<<<<
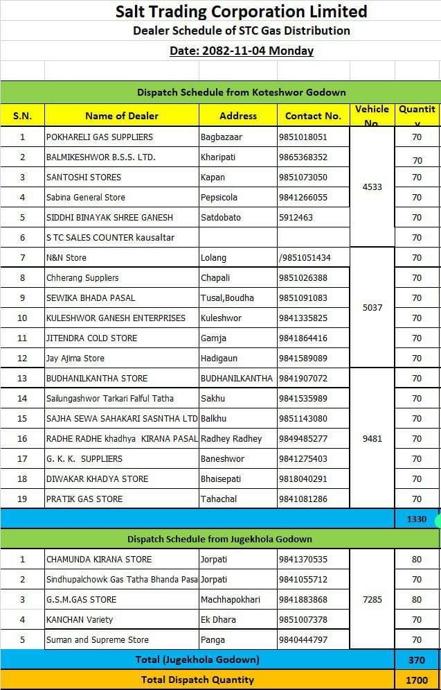 Besides salt, we also sell sugar, wheat, oil, rice, various other grains, tea, LP gas, paper, coal, tyre for vehicles and much more.
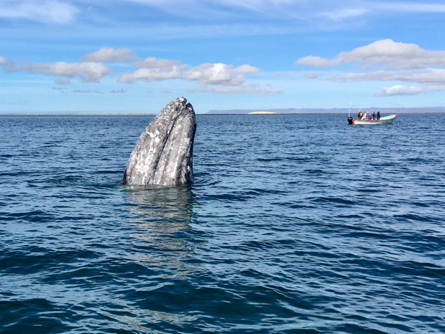 The one not-to-be-missed excursion from San Ignacio is a visit to the gray whales in the Laguna San Ignacio. Each year the gray whales return to one of three locations on the Pacific coast of Baja: San Ignacio, Laguna Ojo de Liebres just south of Guerrero Negro, and San Carlos on the Bahia Magdalena, just west of Ciudad Constitución. During the mid-December through March birthing season local fishermen become tour guides, shuttling small groups out into lagoons heaving with mama and baby whales. The whales are very playful, circling the boats, diving deep under the water and lifting the boats out of the water with big exhalations, breaching, lunging, spy-hopping, bow-riding, porpoising, lob-tailing, and slapping. They pop up, just out of reach, then closer and closer to the boat until finally the mama comes up for a little human love. Later in the season, the mama whales actually push their babies towards the boats, introducing their wee wanes to humans. The Baja Divide route travels the 42-miles from town to the Laguna de San Ignacio. The first half is rolling, beautifully paved road, the second half is a grueling slog through the salt flats on gnarly, never-ending washboards. Once you reach the laguna there are a number of whale-watching tour operators that offer lodging, food, and boat trips out to commune with the whales.
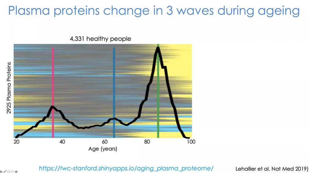 图27中我们标注出了所谓的“衰老波动(waves” of ageing)”。对比35岁以下和以上人群,约有400种蛋白质存在显著差异。随着年龄持续增长,蛋白质变化逐渐减少,直到65岁左右的出现另一个小高峰,到80岁左右呈现出最大变化。
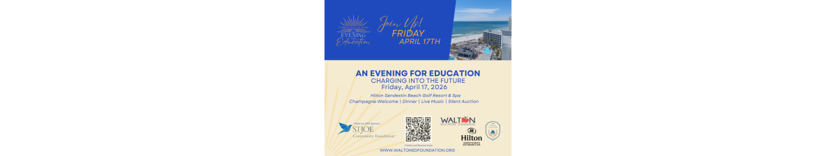 “An Evening for Education,” presented by EPIC Sponsor, The St. Joe Community Foundation, returns Friday, April 17th at the Hilton Sandestin Golf and Beach Resort and Spa benefitting Walton Education Foundation, a nonprofit serving its mission to impact and support education in Walton County, Florida.
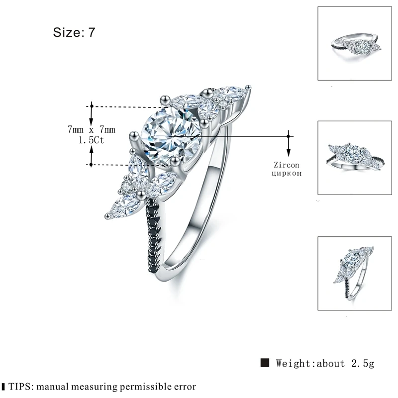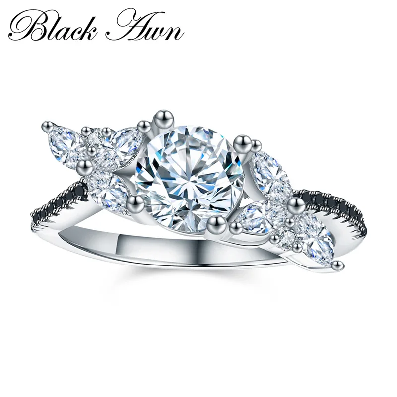 Женское Обручальное кольцо с черной шпинелью, серебристого цвета
>>>>
> [What to produce] Leave the pictures out. Transcribe exactly the lines from the one with "Walton County, Florida." through the end of the records.

> [Output of the exercise]
 “An Evening for Education,” presented by EPIC Sponsor, The St. Joe Community Foundation, returns Friday, April 17th at the Hilton Sandestin Golf and Beach Resort and Spa benefitting Walton Education Foundation, a nonprofit serving its mission to impact and support education in Walton County, Florida.
 Женское Обручальное кольцо с черной шпинелью, серебристого цвета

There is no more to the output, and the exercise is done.